▶ **INFORMATION SUPPLIED**:
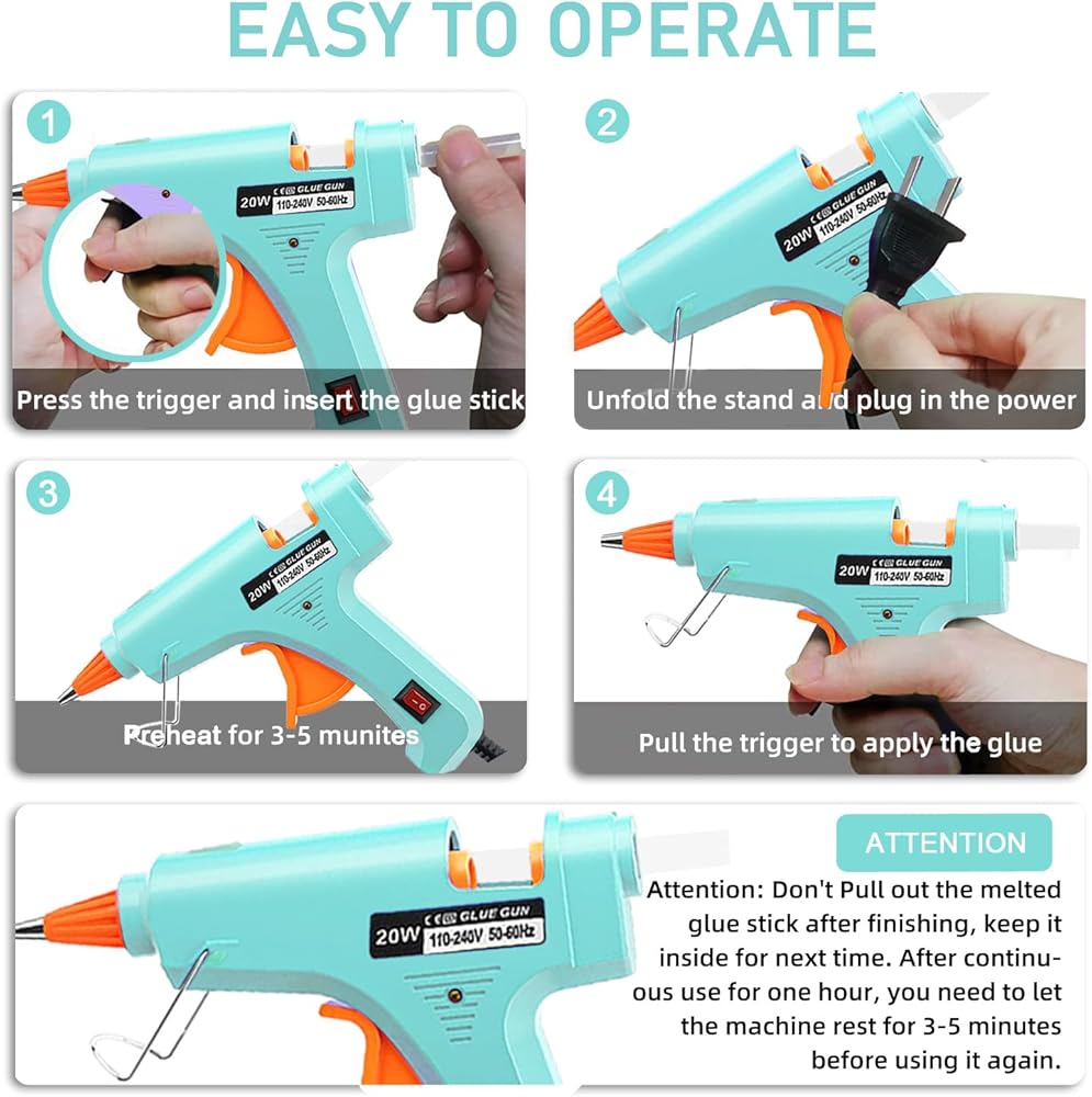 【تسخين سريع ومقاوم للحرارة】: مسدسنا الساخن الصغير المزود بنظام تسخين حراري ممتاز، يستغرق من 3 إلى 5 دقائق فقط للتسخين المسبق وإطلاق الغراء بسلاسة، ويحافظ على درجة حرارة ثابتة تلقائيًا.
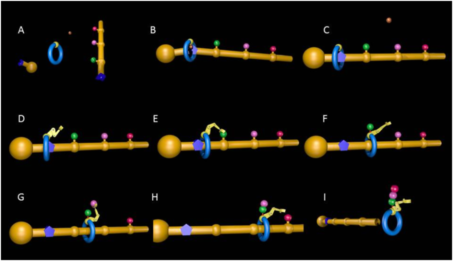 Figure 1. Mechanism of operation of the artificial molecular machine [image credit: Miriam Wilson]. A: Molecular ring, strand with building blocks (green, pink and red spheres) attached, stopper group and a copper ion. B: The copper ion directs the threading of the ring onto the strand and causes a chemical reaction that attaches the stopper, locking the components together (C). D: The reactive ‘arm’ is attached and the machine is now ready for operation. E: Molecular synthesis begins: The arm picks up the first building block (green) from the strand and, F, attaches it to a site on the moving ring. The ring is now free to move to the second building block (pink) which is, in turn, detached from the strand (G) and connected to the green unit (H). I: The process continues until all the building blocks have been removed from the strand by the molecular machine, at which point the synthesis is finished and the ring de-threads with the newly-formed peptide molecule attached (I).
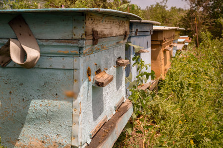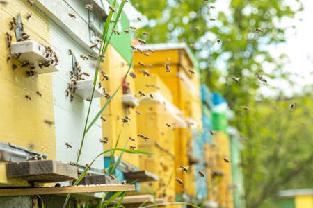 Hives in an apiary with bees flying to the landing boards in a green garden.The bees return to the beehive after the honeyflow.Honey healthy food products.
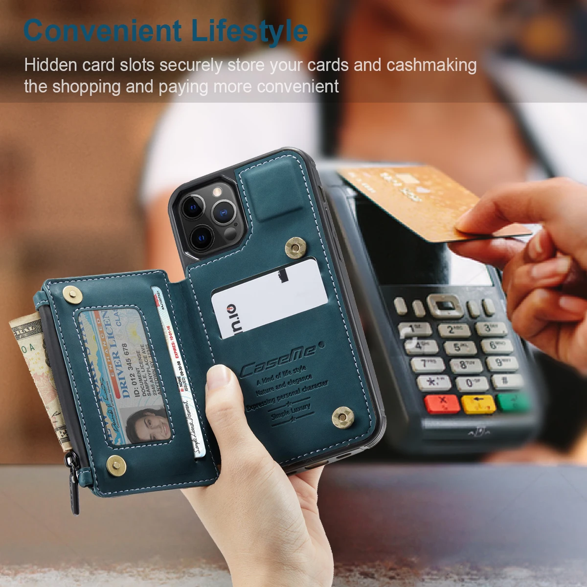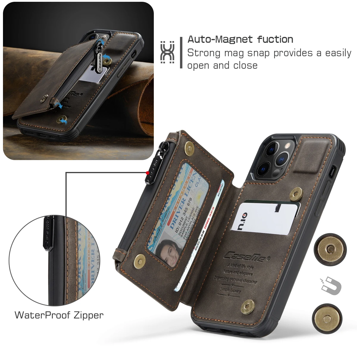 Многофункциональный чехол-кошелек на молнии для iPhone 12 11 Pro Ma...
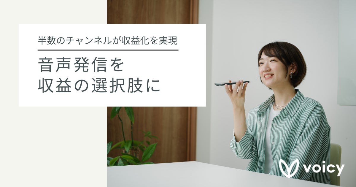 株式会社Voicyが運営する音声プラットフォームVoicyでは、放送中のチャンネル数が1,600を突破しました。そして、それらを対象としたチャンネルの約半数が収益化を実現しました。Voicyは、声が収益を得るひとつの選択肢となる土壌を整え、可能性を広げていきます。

▶ **EXERCISE**: The entries above must be restated exactly in the answer, and the pictures left out.

▶ **EXERCISE ANSWER**:
 【تسخين سريع ومقاوم للحرارة】: مسدسنا الساخن الصغير المزود بنظام تسخين حراري ممتاز، يستغرق من 3 إلى 5 دقائق فقط للتسخين المسبق وإطلاق الغراء بسلاسة، ويحافظ على درجة حرارة ثابتة تلقائيًا.
 Figure 1. Mechanism of operation of the artificial molecular machine [image credit: Miriam Wilson]. A: Molecular ring, strand with building blocks (green, pink and red spheres) attached, stopper group and a copper ion. B: The copper ion directs the threading of the ring onto the strand and causes a chemical reaction that attaches the stopper, locking the components together (C). D: The reactive ‘arm’ is attached and the machine is now ready for operation. E: Molecular synthesis begins: The arm picks up the first building block (green) from the strand and, F, attaches it to a site on the moving ring. The ring is now free to move to the second building block (pink) which is, in turn, detached from the strand (G) and connected to the green unit (H). I: The process continues until all the building blocks have been removed from the strand by the molecular machine, at which point the synthesis is finished and the ring de-threads with the newly-formed peptide molecule attached (I).
 Hives in an apiary with bees flying to the landing boards in a green garden.The bees return to the beehive after the honeyflow.Honey healthy food products.
 Многофункциональный чехол-кошелек на молнии для iPhone 12 11 Pro Ma...
 株式会社Voicyが運営する音声プラットフォームVoicyでは、放送中のチャンネル数が1,600を突破しました。そして、それらを対象としたチャンネルの約半数が収益化を実現しました。Voicyは、声が収益を得るひとつの選択肢となる土壌を整え、可能性を広げていきます。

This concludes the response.